One more thing that could be useful for you. You know, in soccer we have referees.

Nos últimos dias, Gianni Infantino quase só tem falado através de comunicados, mas há um som que vale a pena ouvir.

The yellow card is a warning, right?

É Gianni Infantino a explicar a Donald Trump as regras do futebol, nomeadamente o que acontece quando alguém merece ser expulso.

And when you want to kick out someone.

A ironia é óbvia e seria difícil não a aproveitar neste episódio, onde vamos falar de um projeto milionário, do apoio de Donald Trump, de uma guerra aberta com a UEFA e de uma derrota que pode ter mudado as próximas eleições da FIFA. Hoje vou conversar com o editor de esporte do Observador, Bruno Roseiro, para perceber se este pode ter sido o primeiro grande golpe na liderança de Gianni Infantino. Eu sou o Pedro Benevides e esta é a história do dia de terça-feira, 04 de agosto. Olá, Bruno, bem-vindo.

Olá, Pedro.

Estes últimos dois meses, desde o princípio de junho até agora, foram uma oportunidade para quem, como tu, que acompanhas o mundo do futebol, e nós tivemos o expoente máximo do futebol no mundial, para acompanhar aquilo que parece ter sido o coroar de 10 anos de Gianni Infantino e depois o aparente princípio do fim. Isto está muito ligado com esta proposta que a FIFA avançou da FIFA Forward Enterprise. Para quem não conhece os pormenores, vou começar por te pedir que nos expliques que tipo de negócio era este que Gianni Infantino queria fazer.

Primeiro, deixa-me dizer que não é a coisa mais brilhante do mundo, em 40 dias, estar a levar com não sei quantas madrugadas de trabalho. Nem tudo foi bom.

Eu não disse que era fácil, disse só que era uma oportunidade ou um privilégio.

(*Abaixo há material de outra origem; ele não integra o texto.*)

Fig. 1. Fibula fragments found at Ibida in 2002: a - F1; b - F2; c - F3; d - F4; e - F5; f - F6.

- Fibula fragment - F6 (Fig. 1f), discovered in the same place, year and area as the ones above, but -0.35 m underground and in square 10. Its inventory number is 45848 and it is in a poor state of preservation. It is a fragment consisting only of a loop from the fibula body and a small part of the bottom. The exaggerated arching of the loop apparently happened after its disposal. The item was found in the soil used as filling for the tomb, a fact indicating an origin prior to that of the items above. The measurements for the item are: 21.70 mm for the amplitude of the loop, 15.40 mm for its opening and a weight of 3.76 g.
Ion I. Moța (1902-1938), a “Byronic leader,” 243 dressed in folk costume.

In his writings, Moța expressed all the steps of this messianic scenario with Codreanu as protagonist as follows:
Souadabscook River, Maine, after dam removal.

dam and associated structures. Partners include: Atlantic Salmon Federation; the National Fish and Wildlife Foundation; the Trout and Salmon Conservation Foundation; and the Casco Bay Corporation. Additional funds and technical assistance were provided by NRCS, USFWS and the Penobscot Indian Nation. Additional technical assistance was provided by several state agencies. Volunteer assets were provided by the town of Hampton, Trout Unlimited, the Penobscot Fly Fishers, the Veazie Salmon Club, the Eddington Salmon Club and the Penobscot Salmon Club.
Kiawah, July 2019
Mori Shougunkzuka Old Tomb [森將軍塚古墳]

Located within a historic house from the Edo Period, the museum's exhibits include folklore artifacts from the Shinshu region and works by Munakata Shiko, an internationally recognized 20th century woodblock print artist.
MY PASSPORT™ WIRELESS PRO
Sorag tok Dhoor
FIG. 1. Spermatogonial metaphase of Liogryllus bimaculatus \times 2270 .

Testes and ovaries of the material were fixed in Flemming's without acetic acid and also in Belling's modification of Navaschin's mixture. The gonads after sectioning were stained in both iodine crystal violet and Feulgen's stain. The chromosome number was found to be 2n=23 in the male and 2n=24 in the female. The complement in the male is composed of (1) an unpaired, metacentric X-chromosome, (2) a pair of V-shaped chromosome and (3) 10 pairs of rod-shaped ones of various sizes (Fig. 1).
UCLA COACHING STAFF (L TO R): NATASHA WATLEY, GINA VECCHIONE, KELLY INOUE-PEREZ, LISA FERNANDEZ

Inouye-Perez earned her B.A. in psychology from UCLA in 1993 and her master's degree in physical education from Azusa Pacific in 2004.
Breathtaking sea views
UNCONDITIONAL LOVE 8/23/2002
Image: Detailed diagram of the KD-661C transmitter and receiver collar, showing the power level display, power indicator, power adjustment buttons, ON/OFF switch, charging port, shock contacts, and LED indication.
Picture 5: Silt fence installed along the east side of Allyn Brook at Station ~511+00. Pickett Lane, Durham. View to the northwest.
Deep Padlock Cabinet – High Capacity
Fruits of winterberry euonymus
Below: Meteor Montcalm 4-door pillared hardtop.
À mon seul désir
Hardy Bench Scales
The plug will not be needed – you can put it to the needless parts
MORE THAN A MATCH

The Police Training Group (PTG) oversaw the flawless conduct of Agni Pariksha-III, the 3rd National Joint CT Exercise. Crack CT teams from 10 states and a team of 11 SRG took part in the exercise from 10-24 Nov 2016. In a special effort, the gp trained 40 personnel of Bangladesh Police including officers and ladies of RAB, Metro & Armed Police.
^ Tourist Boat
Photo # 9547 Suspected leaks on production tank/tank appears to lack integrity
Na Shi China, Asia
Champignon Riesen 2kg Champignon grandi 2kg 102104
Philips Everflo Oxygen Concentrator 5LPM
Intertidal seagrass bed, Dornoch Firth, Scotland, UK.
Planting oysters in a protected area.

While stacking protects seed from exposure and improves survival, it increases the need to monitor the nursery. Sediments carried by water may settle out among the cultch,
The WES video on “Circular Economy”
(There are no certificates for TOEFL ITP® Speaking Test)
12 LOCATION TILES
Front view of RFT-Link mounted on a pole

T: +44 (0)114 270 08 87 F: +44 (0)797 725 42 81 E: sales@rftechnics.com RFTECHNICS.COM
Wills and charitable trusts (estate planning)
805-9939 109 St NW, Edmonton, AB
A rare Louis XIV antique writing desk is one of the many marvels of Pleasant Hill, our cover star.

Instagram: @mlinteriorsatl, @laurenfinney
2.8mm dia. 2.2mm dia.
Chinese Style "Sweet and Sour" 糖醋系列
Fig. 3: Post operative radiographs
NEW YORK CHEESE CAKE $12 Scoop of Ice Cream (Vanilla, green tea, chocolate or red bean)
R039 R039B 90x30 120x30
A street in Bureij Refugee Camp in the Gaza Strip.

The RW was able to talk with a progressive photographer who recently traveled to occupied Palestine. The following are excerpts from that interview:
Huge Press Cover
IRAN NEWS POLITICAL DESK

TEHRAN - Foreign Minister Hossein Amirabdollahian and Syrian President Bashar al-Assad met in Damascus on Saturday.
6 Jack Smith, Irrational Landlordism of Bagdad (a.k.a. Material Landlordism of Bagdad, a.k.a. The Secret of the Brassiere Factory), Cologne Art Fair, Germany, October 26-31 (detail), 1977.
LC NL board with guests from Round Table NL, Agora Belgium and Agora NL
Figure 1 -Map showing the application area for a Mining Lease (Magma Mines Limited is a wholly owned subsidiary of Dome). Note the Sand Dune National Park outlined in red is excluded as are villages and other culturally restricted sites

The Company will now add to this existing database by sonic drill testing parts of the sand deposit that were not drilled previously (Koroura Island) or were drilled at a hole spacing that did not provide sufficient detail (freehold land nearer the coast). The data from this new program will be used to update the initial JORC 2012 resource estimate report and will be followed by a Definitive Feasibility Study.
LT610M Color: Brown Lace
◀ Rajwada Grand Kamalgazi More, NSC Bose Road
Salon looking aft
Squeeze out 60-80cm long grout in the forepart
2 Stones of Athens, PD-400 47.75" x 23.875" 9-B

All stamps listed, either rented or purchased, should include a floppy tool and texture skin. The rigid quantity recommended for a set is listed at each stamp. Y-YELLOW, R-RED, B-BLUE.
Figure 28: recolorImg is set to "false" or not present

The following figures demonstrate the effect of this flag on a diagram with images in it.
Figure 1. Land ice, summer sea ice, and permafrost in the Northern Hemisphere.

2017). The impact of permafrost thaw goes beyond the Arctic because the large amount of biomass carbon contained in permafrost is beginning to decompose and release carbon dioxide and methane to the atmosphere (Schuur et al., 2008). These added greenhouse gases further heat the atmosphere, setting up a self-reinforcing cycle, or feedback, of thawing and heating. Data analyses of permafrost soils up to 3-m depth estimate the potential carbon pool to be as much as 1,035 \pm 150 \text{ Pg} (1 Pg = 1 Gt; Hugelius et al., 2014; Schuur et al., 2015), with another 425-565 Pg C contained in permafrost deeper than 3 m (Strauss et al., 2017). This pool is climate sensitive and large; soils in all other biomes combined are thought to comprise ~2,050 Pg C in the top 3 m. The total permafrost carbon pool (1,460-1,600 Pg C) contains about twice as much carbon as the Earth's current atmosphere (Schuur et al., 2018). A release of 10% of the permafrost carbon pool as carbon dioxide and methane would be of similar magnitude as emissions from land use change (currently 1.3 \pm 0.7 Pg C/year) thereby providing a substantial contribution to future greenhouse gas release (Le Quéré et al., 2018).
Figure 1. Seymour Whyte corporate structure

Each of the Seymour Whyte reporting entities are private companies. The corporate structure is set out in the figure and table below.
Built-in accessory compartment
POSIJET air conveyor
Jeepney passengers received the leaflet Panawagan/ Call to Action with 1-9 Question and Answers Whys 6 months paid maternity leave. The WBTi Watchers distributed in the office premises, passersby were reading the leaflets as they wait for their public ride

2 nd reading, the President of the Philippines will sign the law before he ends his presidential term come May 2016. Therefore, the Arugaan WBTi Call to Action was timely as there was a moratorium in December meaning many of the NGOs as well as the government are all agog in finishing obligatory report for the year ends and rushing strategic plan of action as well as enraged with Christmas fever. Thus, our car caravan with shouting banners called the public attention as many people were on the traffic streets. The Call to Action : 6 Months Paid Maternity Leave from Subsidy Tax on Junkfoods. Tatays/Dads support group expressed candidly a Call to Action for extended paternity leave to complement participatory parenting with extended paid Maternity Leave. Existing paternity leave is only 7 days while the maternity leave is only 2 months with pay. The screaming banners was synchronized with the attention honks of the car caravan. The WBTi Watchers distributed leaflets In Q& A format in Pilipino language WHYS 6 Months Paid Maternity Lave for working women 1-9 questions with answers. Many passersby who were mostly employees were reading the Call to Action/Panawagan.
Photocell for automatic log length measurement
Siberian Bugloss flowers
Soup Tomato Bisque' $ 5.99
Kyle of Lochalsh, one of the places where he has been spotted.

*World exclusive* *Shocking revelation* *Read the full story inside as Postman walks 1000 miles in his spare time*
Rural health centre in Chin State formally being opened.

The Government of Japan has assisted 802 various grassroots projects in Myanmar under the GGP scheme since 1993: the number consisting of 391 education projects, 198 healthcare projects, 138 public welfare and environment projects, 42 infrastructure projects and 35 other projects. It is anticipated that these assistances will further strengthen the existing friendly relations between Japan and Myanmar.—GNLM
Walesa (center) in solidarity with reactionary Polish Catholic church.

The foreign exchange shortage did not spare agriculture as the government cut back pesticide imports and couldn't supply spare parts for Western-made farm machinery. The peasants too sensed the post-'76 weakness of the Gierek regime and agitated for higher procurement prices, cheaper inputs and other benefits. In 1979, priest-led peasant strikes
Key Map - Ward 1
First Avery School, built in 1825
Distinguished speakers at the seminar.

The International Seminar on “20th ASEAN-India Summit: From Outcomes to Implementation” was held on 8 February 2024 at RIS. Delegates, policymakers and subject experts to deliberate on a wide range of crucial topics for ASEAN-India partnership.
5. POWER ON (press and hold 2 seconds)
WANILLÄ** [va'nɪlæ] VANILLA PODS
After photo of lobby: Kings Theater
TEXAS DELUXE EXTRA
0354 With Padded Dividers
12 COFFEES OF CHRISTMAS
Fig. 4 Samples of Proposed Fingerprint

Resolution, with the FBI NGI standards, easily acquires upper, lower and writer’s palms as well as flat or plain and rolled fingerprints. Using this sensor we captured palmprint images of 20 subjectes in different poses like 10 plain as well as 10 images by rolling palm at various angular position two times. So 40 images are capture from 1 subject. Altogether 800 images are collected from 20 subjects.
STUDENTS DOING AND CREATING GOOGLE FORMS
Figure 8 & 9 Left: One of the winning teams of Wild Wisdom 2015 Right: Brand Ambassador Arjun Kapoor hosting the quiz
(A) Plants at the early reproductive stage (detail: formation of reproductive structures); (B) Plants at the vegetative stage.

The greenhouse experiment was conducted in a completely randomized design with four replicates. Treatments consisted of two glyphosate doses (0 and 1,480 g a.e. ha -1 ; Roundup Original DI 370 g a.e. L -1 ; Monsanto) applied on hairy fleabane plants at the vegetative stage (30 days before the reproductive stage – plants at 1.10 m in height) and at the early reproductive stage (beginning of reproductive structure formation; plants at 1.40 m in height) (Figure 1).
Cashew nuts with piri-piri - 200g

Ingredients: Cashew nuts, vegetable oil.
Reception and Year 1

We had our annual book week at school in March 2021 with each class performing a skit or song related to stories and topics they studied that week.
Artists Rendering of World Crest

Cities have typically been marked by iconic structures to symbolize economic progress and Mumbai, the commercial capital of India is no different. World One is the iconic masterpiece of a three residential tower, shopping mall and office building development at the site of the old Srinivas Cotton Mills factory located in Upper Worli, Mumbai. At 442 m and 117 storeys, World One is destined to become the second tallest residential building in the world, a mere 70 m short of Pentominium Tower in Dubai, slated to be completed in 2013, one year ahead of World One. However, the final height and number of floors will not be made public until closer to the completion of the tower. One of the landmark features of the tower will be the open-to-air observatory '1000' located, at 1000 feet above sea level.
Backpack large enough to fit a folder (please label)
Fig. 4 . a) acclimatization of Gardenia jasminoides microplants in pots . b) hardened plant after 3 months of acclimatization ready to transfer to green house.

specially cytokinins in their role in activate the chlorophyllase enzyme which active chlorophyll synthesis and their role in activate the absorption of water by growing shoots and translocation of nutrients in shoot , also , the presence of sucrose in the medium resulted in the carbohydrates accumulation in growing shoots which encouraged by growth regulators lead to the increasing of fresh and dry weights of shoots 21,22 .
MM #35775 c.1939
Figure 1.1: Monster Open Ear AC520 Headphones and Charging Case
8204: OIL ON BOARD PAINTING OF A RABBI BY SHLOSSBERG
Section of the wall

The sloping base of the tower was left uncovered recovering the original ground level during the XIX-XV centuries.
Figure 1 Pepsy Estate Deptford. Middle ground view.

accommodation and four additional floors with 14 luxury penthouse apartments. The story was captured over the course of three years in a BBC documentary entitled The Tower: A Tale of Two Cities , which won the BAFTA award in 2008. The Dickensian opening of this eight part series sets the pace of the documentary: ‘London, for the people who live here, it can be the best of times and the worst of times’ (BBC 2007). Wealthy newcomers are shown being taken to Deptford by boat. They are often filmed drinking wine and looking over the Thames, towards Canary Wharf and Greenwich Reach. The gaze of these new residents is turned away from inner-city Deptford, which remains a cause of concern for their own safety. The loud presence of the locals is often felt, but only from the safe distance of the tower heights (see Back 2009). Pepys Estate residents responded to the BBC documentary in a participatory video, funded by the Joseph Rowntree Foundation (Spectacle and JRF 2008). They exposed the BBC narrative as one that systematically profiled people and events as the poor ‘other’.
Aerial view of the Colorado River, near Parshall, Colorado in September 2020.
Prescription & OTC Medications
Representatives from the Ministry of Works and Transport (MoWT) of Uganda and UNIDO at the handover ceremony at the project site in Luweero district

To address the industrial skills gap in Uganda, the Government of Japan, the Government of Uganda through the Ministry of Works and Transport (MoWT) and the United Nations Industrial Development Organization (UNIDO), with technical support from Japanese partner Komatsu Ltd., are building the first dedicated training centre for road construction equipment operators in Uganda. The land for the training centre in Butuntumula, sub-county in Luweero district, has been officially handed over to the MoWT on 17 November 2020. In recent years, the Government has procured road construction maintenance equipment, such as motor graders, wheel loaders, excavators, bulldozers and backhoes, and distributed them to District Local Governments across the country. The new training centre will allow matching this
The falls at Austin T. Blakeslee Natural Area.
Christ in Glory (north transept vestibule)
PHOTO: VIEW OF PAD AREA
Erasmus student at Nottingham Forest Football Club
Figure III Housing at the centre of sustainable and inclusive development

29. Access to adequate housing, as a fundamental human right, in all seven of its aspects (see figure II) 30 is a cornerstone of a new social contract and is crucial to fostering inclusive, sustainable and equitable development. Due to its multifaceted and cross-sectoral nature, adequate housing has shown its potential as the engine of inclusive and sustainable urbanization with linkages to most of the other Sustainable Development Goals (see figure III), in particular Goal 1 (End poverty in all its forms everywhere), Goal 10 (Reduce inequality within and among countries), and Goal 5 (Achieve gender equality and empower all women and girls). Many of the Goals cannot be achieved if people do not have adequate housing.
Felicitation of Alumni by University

Foi uma oportunidade. Nem tudo foi bom. No caso Infantino, tudo era bom. Por quê? Infantino chegou àquele patamar de, enquanto todo-poderoso do futebol mundial, achar que depois da atribuição do Prêmio da Paz a Donald Trump, que tem várias questões de sobrepor-se a regras, nomeadamente a neutralidade que a FIFA deve sempre ter, Infantino teve no mundial o seu expoente máximo enquanto figura de todo-poderoso. Desde as paragens para hidratação, que para a saúde dos jogadores é zero, ou seja, os jogadores nem sequer queriam parar.

Era claramente uma manobra comercial.

Mas deu US$ 1 bilhão de receitas de publicidade. Teve também aquela questão dos jatos privados da Qatar Airways, sem problemas nenhum. Ou seja, tudo passou a ser feito às claras. Acabou com aquela imagem, onde ele até foi elogiado, onde explicou Donald Trump quase como uma figura paternalista a dizer ao presidente dos Estados Unidos: "Você não pode estar aí. Esse não é o seu palco, você tem de entregar e tem de sair". E essa foi provavelmente a única vez em que ele foi elogiado. Mas quando acaba, ele tem duas certezas: uma, o Mundial 2026, apesar do grande ceticismo que existia, foi um sucesso, globalmente foi um sucesso.

Apesar de tudo isso, tu deste o exemplo do Prêmio da Paz da FIFA, que foi um prêmio inventado só para apaziguar e mimar Donald Trump. A questão do uso de jatos privados, que dava a entender que o presidente da FIFA estava ali a ser comprado com determinadas benesses e luxos.

Pela companhia aérea do organizador do último mundial.

O fato de receber telefonemas de Donald Trump por causa de um cartão vermelho, tudo isso punha em causa a independência e, ao mesmo tempo, o deslumbramento com o poder de Gianni Infantino. Mas a verdade é que o mundial correu muito melhor do que aquilo que se estava à espera.

Sim, até a questão, por exemplo, do Irão, a questão do melhor árbitro africano não ter tido visto para poder estar nos Estados Unidos, na competição. Tudo isso foram páginas que acabaram por ser anuladas por um sucesso global de toda a competição. Mais jogos, mais equipes, mais receitas, mais espetáculo e, de facto, essa parte da conquista foi toda conseguida. Problema: Infantino, que no meio do mundial consegue assegurar que a esmagadora maioria das federações membros da FIFA estão consigo na sua reeleição.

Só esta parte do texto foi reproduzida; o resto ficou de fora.